Round-shaped collagen porous scaffolds were obtained after lyophilization with 15 mm diameter and 7 mm thickness (Figure 8a). The morphology of the collagen porous scaffold was assessed by SEM. Pristine porous scaffold exhibited a multilayered structure formed by sheets, with interconnected pores with diameters ranging from 0.05 to 0.6 mm (Figure 8b). Functionalized MSN were introduced into the collagen porous scaffold prior to lyophilization in various proportions to assess the structural features of the resulting collagen–MSN composites. The samples were denoted C@MSN-x (x = NH2 or COOH). Thus, the two types of functionalized MSN were added to the collagen suspension in various concentrations (10 or 20 mg MSN/mL collagen solution). At a higher concentration, MSN started to aggregate on collagen sheets, causing collapse of the scaffold structure under the weight of MSN (Figure 8e,f). At a concentration of 10 mg/mL, both types of MSN showed good integration into the collagen porous structure, being very well dispersed into the collagen scaffold (Figure 8c,d). The distribution of MSN in the collagen porous scaffold was examined by SEM coupled with energy dispersive X-ray analysis (Figure S3). The image demonstrated the MSN uniform distribution into the scaffold.
FTIR spectra of proteins have specific spectral regions [41] where vibrations of the amide bonds can be identified. Therefore, the FTIR spectra of the collagen porous scaffolds (Figure 9a) showed amide I vibration (1651 cm−1) corresponding to C=O stretching vibration, with contributions from C-N stretching and N-H bending vibrations; amide II (1542 cm−1) assigned to C-N stretching band combined with N-H in-plane bending vibration; amide III (1244 cm−1) belonged to N-H bending vibration coupled with C-N stretching vibration; amide A (3300 cm−1) and amide B (3074 cm−1) ascribed to N-H stretching vibration and asymmetrical stretching of CH2. Aside from the specific amide bands, other vibrations of the skeletal structure of collagen were identified: CH3 bending modes in skeletal proteins (1396 cm−1) and O-H bending vibration of COOH terminal groups that could overlap the C-H bending bands (1449 cm−1).
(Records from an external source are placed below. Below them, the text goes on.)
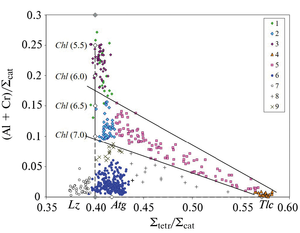 - Mellini M., Trommsdorff V., Compagnoni R. Antigorite polysomatism: Behaviour during progressive metamorphism // Contrib. Mineral. Petrol. 1987. V. 97. P. 147–155.
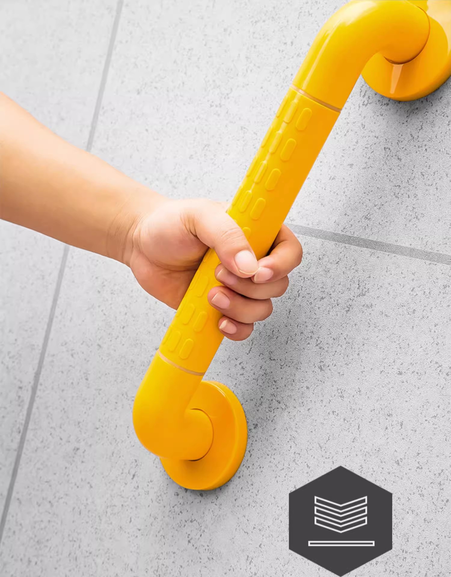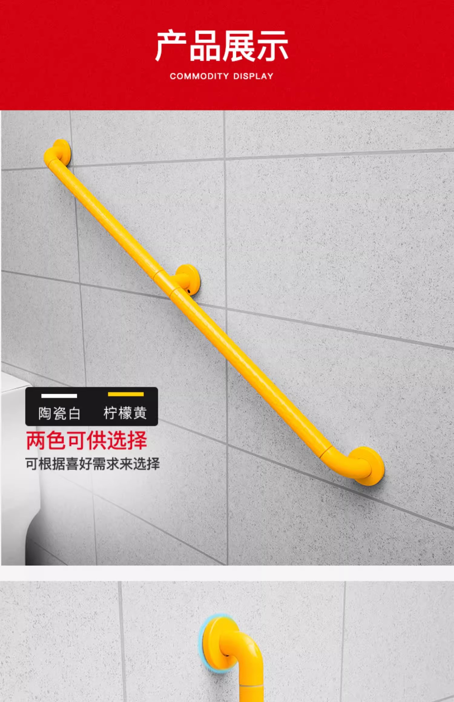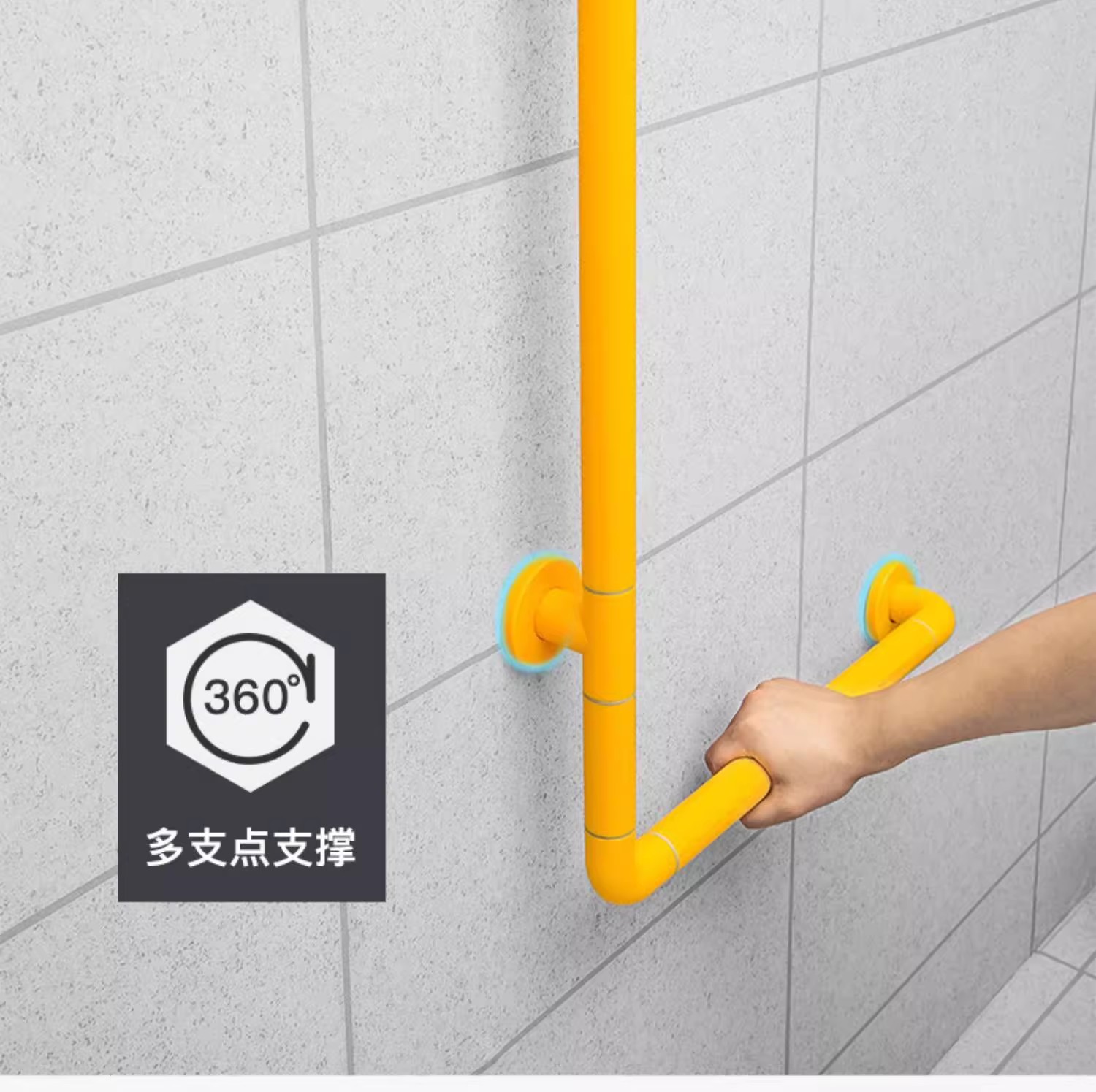 该扶手配备了防滑颗粒把手,这种设计可以有效增加手部摩擦力,防止手滑脱,从而为老人以及需要者提供最贴心的守护。无论是在浴室、厕所还是走廊等场所,这款扶手都能够为使用者提供稳定的支撑和安全感。
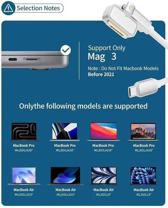 Perfect compatibility with multiple models: precisely compatible with MacBook Air (M2/M3/M4 2022-2025 13/15) MacBook Pro (M1/M2/M3/M4 2021-2024 14/16). Magnetic connector for instant connection no need to repeatedly plug and unplug dust-proof and corrosion-resistant making it the ideal companion for business travel and mobile office use.
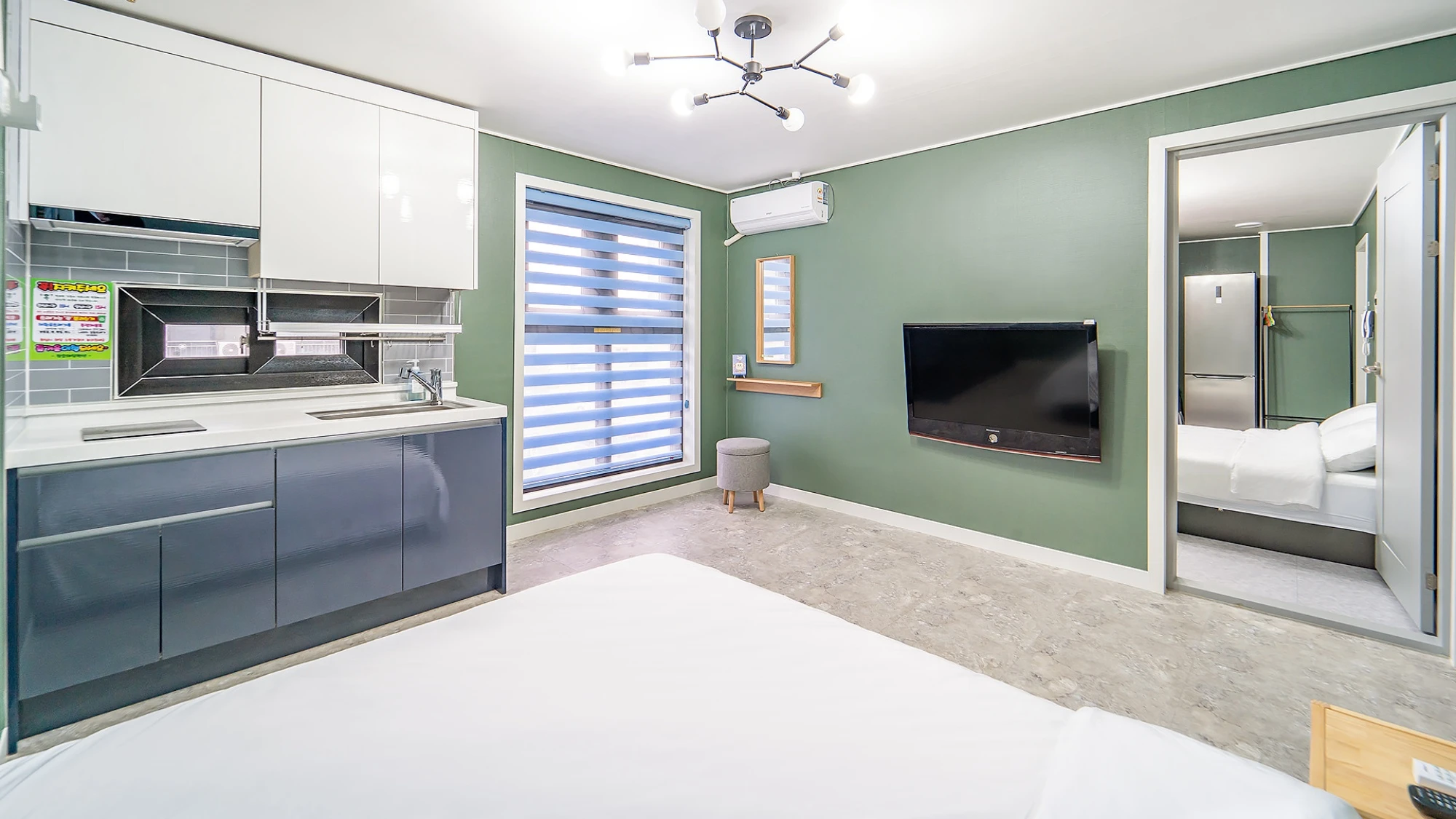 - 집기품목 : TV, 에어컨, 냉장고, 인덕션, 전기밥솥, 취사시설/도구, 드라이기, 샴푸, 바디워시, 비누, 치약, 타월, 와이파이, 금연, 무선인터넷, 욕실용품
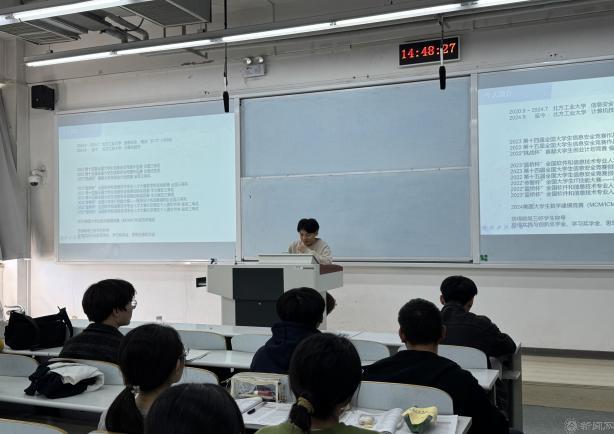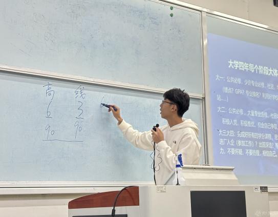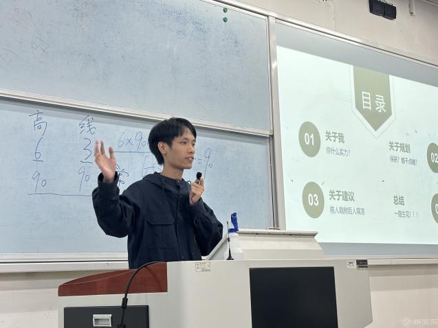 計類專業(yè)分享會上,考研至本校的劉桁銘同學(xué)分享了自己在課程學(xué)習(xí)、競賽、考研、就業(yè)方面的豐富經(jīng)驗,并著重介紹了科研競賽的相關(guān)信息。保研至本校的劉苑同學(xué)詳細(xì)講述了保研的時間流程,提醒同學(xué)們要根據(jù)往年目標(biāo)學(xué)校的夏令營、預(yù)推免的時間、做好初步的準(zhǔn)備。并祝福同學(xué)們努力學(xué)習(xí),擁有美好的未來。留學(xué)至新南威爾士大學(xué)的顏弈杰同學(xué)告訴同學(xué)們要不斷提高自身的競爭力,并著重強(qiáng)調(diào)了科研和競賽的重要性。他還向同學(xué)們推薦了關(guān)注賽事的網(wǎng)站和發(fā)表科研論文的博主,為同學(xué)們提供了寶貴的經(jīng)驗。另一位留學(xué)的劉祚先同學(xué)認(rèn)為績點和語言成績是申請國外院校的重要因素。另外,一份充實的簡歷是申請環(huán)節(jié)中必不可少的一部分,提升簡歷的充實度要從項目和競賽入手。留學(xué)杜克大學(xué)的李天昊同學(xué)通過視頻方式介紹了自己從準(zhǔn)備語言考試,到撰寫申請文書,再到面試準(zhǔn)備的全過程。他強(qiáng)調(diào)了時間管理的重要性,建議同學(xué)們提前規(guī)劃,合理安排時間。參軍入伍的李昱江同學(xué)介紹了他的軍旅生涯以及各類征兵政策,他鼓勵有志青年要積極投身國防,為國家的安全和發(fā)展貢獻(xiàn)力量。

In collagen–MSN composites, slight shifts in the bands of the collagen scaffold were noticed and displayed in Figure 9a.
The thermal stability of collagen–MSN composites in comparison with that of collagen scaffold was assessed. DSC analyses of the samples (Figure 9b) showed an endothermic event at 56.9 °C for the collagen porous scaffold, 71.2 °C for C@MSN–COOH, and 74.2 °C for C@MSN–NH2. The DSC results showed an enhanced denaturation temperature of collagen–MSN composites compared to that of pristine collagen porous scaffold.
After complete characterization of the collagen porous scaffold and establishing the parameters regarding the amount of MSN that could improve the properties of the porous scaffold, collagen-polyphenols-loaded MSN were prepared and characterized. FTIR spectra showed intense amide I and amide II of the collagen porous scaffold (Figure 10), and more intense bands in the 1350–1475 cm−1 wavenumber range due to C-H bending vibrations that overlap bands of all three components of the composites. Moreover, in the range of 500–700 cm−1, bands of C-H out-of-plane bending vibrations are distinguished.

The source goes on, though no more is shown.